[Opening Raw data section]
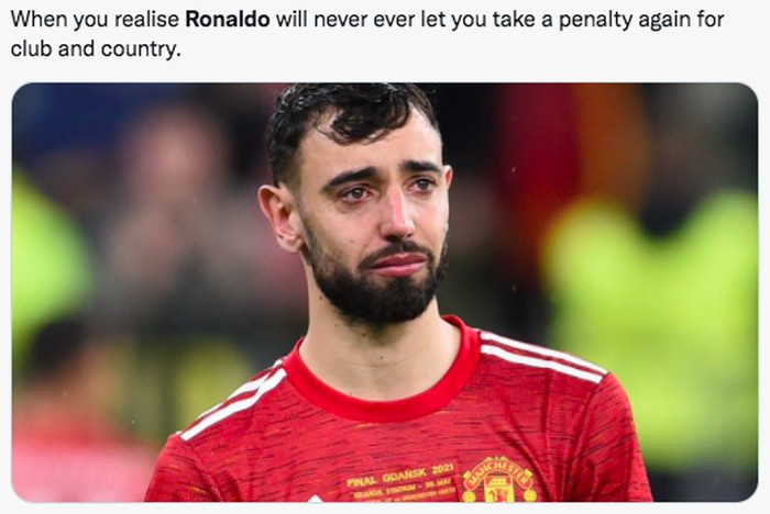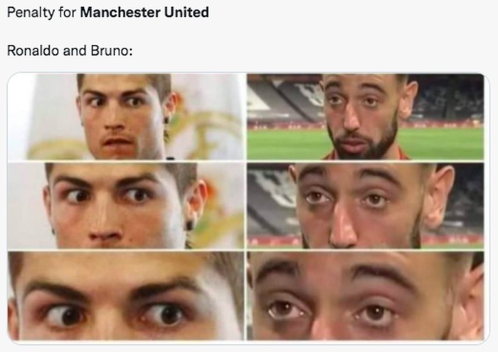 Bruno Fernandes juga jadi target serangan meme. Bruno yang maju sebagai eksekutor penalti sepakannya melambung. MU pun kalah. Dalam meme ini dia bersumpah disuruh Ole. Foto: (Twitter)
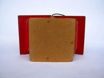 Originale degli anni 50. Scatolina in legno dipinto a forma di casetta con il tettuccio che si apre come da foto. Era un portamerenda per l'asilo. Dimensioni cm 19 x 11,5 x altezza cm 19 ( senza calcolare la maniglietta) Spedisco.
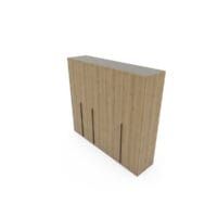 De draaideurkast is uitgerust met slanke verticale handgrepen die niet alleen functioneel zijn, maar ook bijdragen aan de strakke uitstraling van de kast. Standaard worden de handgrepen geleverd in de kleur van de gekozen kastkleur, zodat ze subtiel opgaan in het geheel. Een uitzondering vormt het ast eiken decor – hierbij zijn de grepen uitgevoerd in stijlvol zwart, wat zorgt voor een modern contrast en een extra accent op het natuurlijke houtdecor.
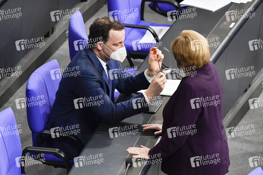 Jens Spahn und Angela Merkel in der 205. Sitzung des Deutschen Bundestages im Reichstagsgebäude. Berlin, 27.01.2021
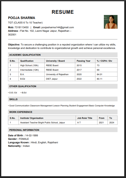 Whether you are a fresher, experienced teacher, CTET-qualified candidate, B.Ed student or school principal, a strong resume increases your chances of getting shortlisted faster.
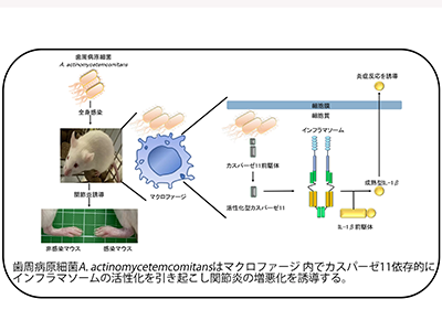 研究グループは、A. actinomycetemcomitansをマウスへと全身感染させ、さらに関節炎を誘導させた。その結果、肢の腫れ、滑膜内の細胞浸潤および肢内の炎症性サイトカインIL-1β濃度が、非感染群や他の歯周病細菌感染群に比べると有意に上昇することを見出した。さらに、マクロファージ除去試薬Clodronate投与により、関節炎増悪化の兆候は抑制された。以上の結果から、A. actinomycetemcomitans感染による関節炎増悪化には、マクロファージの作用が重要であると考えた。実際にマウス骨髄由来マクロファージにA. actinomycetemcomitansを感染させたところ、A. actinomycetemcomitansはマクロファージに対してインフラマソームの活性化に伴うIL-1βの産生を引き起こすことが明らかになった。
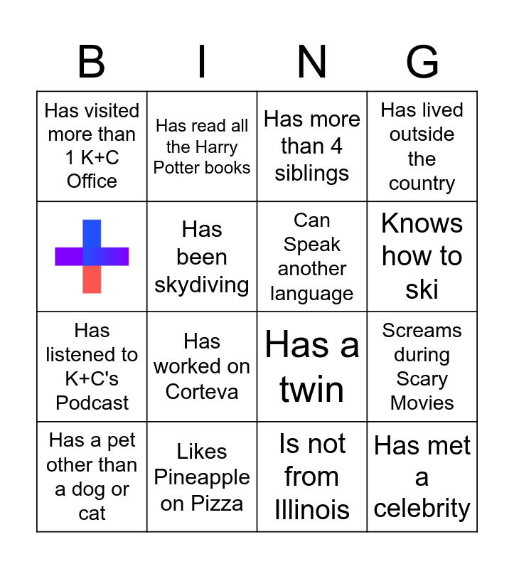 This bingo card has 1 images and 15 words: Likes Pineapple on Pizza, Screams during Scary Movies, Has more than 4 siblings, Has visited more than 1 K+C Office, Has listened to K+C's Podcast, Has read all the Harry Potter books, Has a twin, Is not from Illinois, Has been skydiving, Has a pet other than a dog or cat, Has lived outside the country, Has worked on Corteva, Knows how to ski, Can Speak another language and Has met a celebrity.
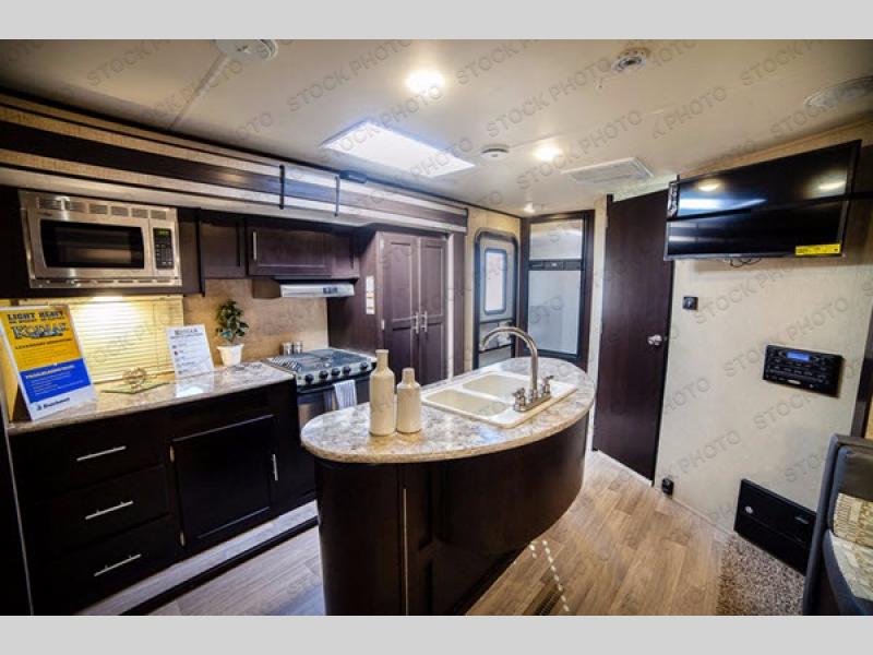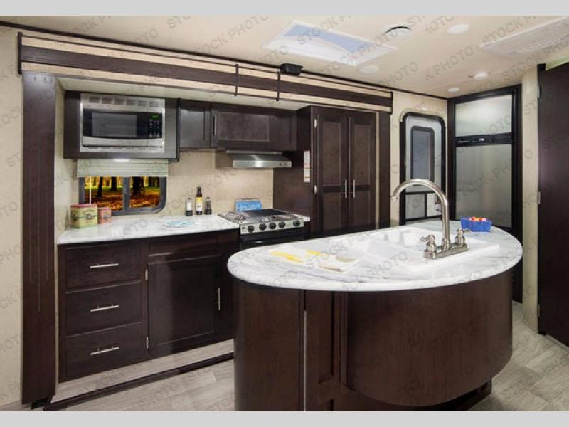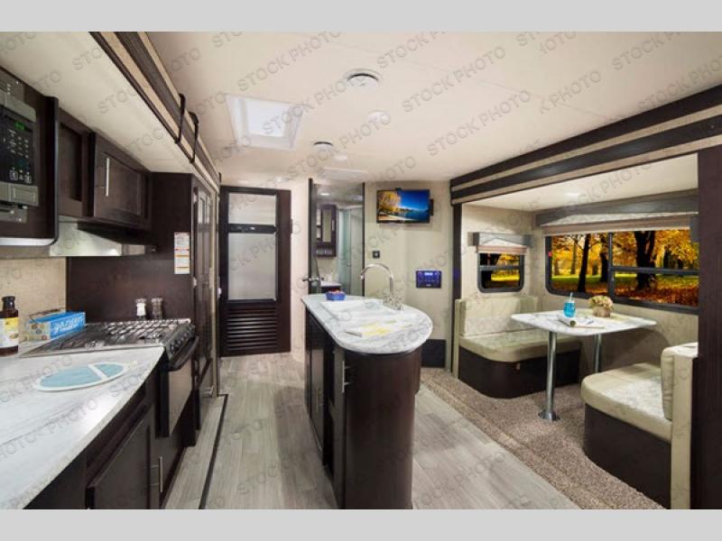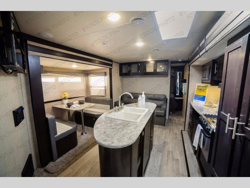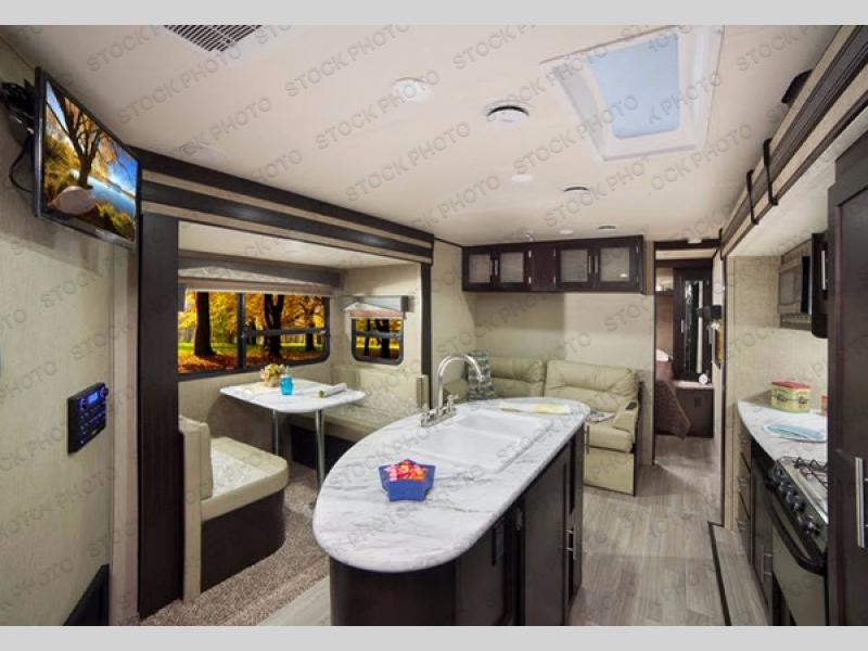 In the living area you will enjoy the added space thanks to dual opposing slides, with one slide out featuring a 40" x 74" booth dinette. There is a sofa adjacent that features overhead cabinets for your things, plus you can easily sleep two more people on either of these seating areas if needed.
[Closing Raw data section]
**To do**
Exact copy, no pictures: please print every record above as written.

**Task output**
 Bruno Fernandes juga jadi target serangan meme. Bruno yang maju sebagai eksekutor penalti sepakannya melambung. MU pun kalah. Dalam meme ini dia bersumpah disuruh Ole. Foto: (Twitter)
 Originale degli anni 50. Scatolina in legno dipinto a forma di casetta con il tettuccio che si apre come da foto. Era un portamerenda per l'asilo. Dimensioni cm 19 x 11,5 x altezza cm 19 ( senza calcolare la maniglietta) Spedisco.
 De draaideurkast is uitgerust met slanke verticale handgrepen die niet alleen functioneel zijn, maar ook bijdragen aan de strakke uitstraling van de kast. Standaard worden de handgrepen geleverd in de kleur van de gekozen kastkleur, zodat ze subtiel opgaan in het geheel. Een uitzondering vormt het ast eiken decor – hierbij zijn de grepen uitgevoerd in stijlvol zwart, wat zorgt voor een modern contrast en een extra accent op het natuurlijke houtdecor.
 Jens Spahn und Angela Merkel in der 205. Sitzung des Deutschen Bundestages im Reichstagsgebäude. Berlin, 27.01.2021
 Whether you are a fresher, experienced teacher, CTET-qualified candidate, B.Ed student or school principal, a strong resume increases your chances of getting shortlisted faster.
 研究グループは、A. actinomycetemcomitansをマウスへと全身感染させ、さらに関節炎を誘導させた。その結果、肢の腫れ、滑膜内の細胞浸潤および肢内の炎症性サイトカインIL-1β濃度が、非感染群や他の歯周病細菌感染群に比べると有意に上昇することを見出した。さらに、マクロファージ除去試薬Clodronate投与により、関節炎増悪化の兆候は抑制された。以上の結果から、A. actinomycetemcomitans感染による関節炎増悪化には、マクロファージの作用が重要であると考えた。実際にマウス骨髄由来マクロファージにA. actinomycetemcomitansを感染させたところ、A. actinomycetemcomitansはマクロファージに対してインフラマソームの活性化に伴うIL-1βの産生を引き起こすことが明らかになった。
 This bingo card has 1 images and 15 words: Likes Pineapple on Pizza, Screams during Scary Movies, Has more than 4 siblings, Has visited more than 1 K+C Office, Has listened to K+C's Podcast, Has read all the Harry Potter books, Has a twin, Is not from Illinois, Has been skydiving, Has a pet other than a dog or cat, Has lived outside the country, Has worked on Corteva, Knows how to ski, Can Speak another language and Has met a celebrity.
 In the living area you will enjoy the added space thanks to dual opposing slides, with one slide out featuring a 40" x 74" booth dinette. There is a sofa adjacent that features overhead cabinets for your things, plus you can easily sleep two more people on either of these seating areas if needed.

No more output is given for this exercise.